» **What to produce**:
Output each record below exactly. No images go in the copy.

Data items
[Start of section]
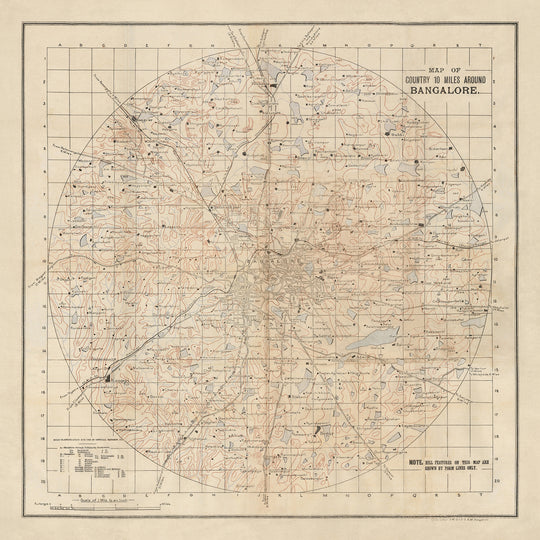 The "Map of Country 10 Miles Around Bangalore," created in 1910 by an anonymous cartographer, offers a captivating glimpse into the historical landscape of Bangalore and its surrounding regions. This meticulously detailed city street map, printed by the Litho. School 2nd Q.V.O.S. & M in Bangalore, reflects the cartographic precision and aesthetic sensibilities of the early 20th century. As you explore this map, you will uncover the intricate network of roads, the varied topography marked by contour lines, and the numerous settlements that paint a vivid picture of Bangalore's past.
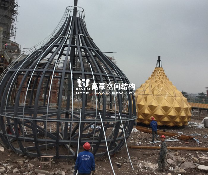 俄羅斯館鋼結構階段,館頂鋼結構正在制作施工中。
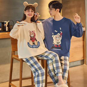 情侣睡衣春秋款纯棉长袖女士男生秋季可爱2021年新...
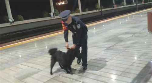 在往衡山西站通往長(zhǎng)沙南站的G432高鐵站臺(tái)方向走的途中,一名高鐵工作人員告訴陳先生,那應(yīng)該是一條警犬。
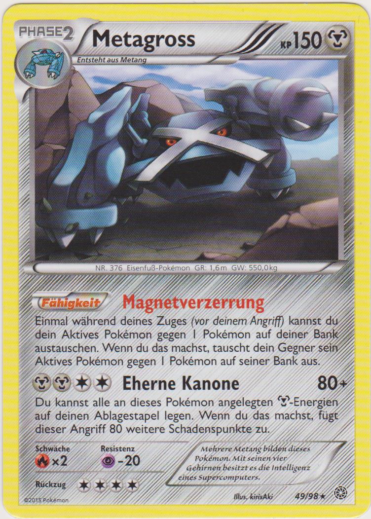 - AS Metagross ist aus der Verschmelzung zweier Metang hervorgegangen. Auf der Jagd drückt es seine Beute mit seinem massigen Körper zu Boden. Dann frisst es sein hilfloses Opfer mit seinem großen Maul auf.
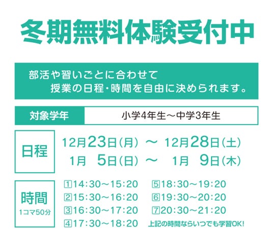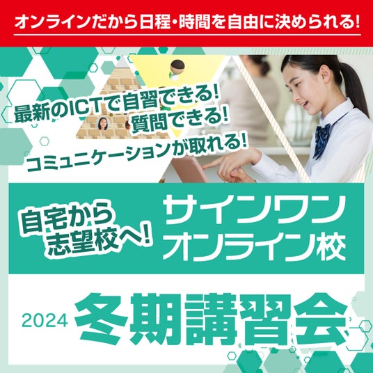 株式会社 学研ホールディングス(東京・品川/代表取締役社長:宮原博昭)のグループ会社、株式会社 学研スタディエ(さいたま市/代表取締役社長:亀谷眞宏)の展開する、進学塾サインワンオンライン校では、2024年12月23日(月)から2025年1月9日(木)までの期間で、冬期講習会を開催いたします。
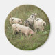 Dieser Magnet zeigt ein schönes Foto einer Gruppe niedlicher Schweine auf einem Feld. Einige der Schweine rutschen auf der Erde herum, während andere auf sie schauen.
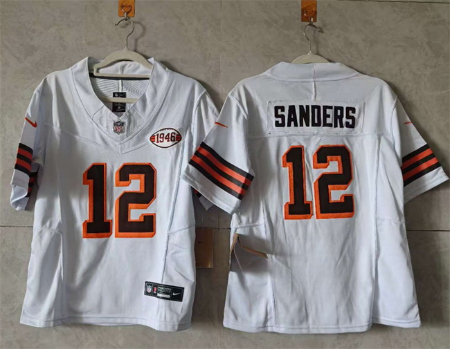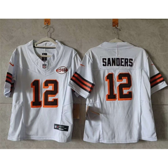 Women Cleveland Browns 12 Shedeur Sanders White 2025 Draft 1946 Collection F U S E Stitched Jersey
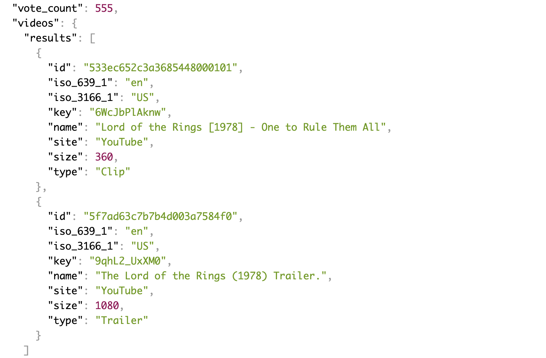 이 query의 역할은 video또는 image같은 것을 append하면 예고편이나 포스터를 가져올 수 있다.
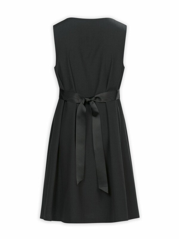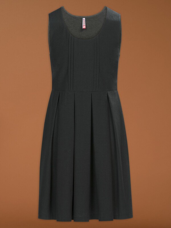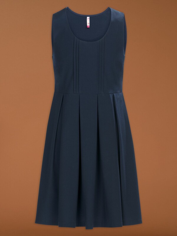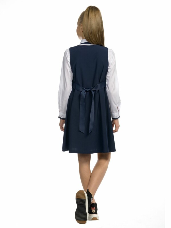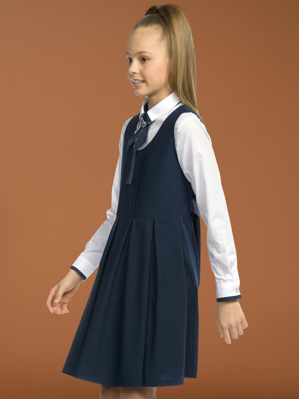 Сарафан для девочки в темно-синем цвете. Подойдет в качестве повседневного элемента школьной формы. Изделие соткано из двух частей, свободно сидит и не имеет застежки. Грудка декорирована вертикальными строчками, а в юбку заложено шесть складок, чтобы сделать изделие комфортным и свободным. Спинка цельная, книзу чуть расширяется, объем хорошо регулируется репсовой тесьмой, которую можно завязать на бант.
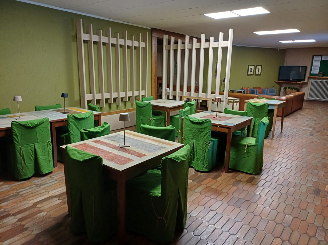 servírované menu či formou bufetu s výběrem z 1 či 2 teplých předkrmů a 1 či 2 hlavních jídel s přílohou, zpravidla salát formou bufetu, servírovaný dezert či ovoce, nápoje za poplatek
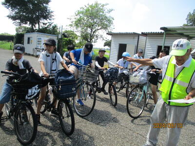 自転車事故になる事例や交通ルールを守る大切さについて動画で学んだ後、ヘルメットの正しい着用の仕方や自転車整備の「ブタはシしゃベル」について教えていただきました。
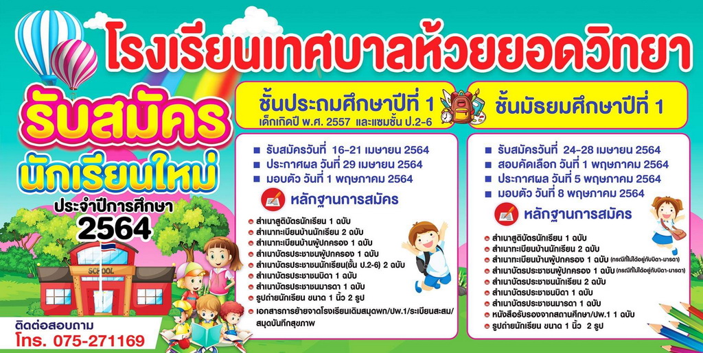 ประกาศโรงเรียนเทศบาลห้วยยอดวิทยา
[End of section]
» **Result of this exercise**:
 The "Map of Country 10 Miles Around Bangalore," created in 1910 by an anonymous cartographer, offers a captivating glimpse into the historical landscape of Bangalore and its surrounding regions. This meticulously detailed city street map, printed by the Litho. School 2nd Q.V.O.S. & M in Bangalore, reflects the cartographic precision and aesthetic sensibilities of the early 20th century. As you explore this map, you will uncover the intricate network of roads, the varied topography marked by contour lines, and the numerous settlements that paint a vivid picture of Bangalore's past.
 俄羅斯館鋼結構階段,館頂鋼結構正在制作施工中。
 情侣睡衣春秋款纯棉长袖女士男生秋季可爱2021年新...
 在往衡山西站通往長(zhǎng)沙南站的G432高鐵站臺(tái)方向走的途中,一名高鐵工作人員告訴陳先生,那應(yīng)該是一條警犬。
 - AS Metagross ist aus der Verschmelzung zweier Metang hervorgegangen. Auf der Jagd drückt es seine Beute mit seinem massigen Körper zu Boden. Dann frisst es sein hilfloses Opfer mit seinem großen Maul auf.
 株式会社 学研ホールディングス(東京・品川/代表取締役社長:宮原博昭)のグループ会社、株式会社 学研スタディエ(さいたま市/代表取締役社長:亀谷眞宏)の展開する、進学塾サインワンオンライン校では、2024年12月23日(月)から2025年1月9日(木)までの期間で、冬期講習会を開催いたします。
 Dieser Magnet zeigt ein schönes Foto einer Gruppe niedlicher Schweine auf einem Feld. Einige der Schweine rutschen auf der Erde herum, während andere auf sie schauen.
 Women Cleveland Browns 12 Shedeur Sanders White 2025 Draft 1946 Collection F U S E Stitched Jersey
 이 query의 역할은 video또는 image같은 것을 append하면 예고편이나 포스터를 가져올 수 있다.
 Сарафан для девочки в темно-синем цвете. Подойдет в качестве повседневного элемента школьной формы. Изделие соткано из двух частей, свободно сидит и не имеет застежки. Грудка декорирована вертикальными строчками, а в юбку заложено шесть складок, чтобы сделать изделие комфортным и свободным. Спинка цельная, книзу чуть расширяется, объем хорошо регулируется репсовой тесьмой, которую можно завязать на бант.
 servírované menu či formou bufetu s výběrem z 1 či 2 teplých předkrmů a 1 či 2 hlavních jídel s přílohou, zpravidla salát formou bufetu, servírovaný dezert či ovoce, nápoje za poplatek
 自転車事故になる事例や交通ルールを守る大切さについて動画で学んだ後、ヘルメットの正しい着用の仕方や自転車整備の「ブタはシしゃベル」について教えていただきました。
 ประกาศโรงเรียนเทศบาลห้วยยอดวิทยา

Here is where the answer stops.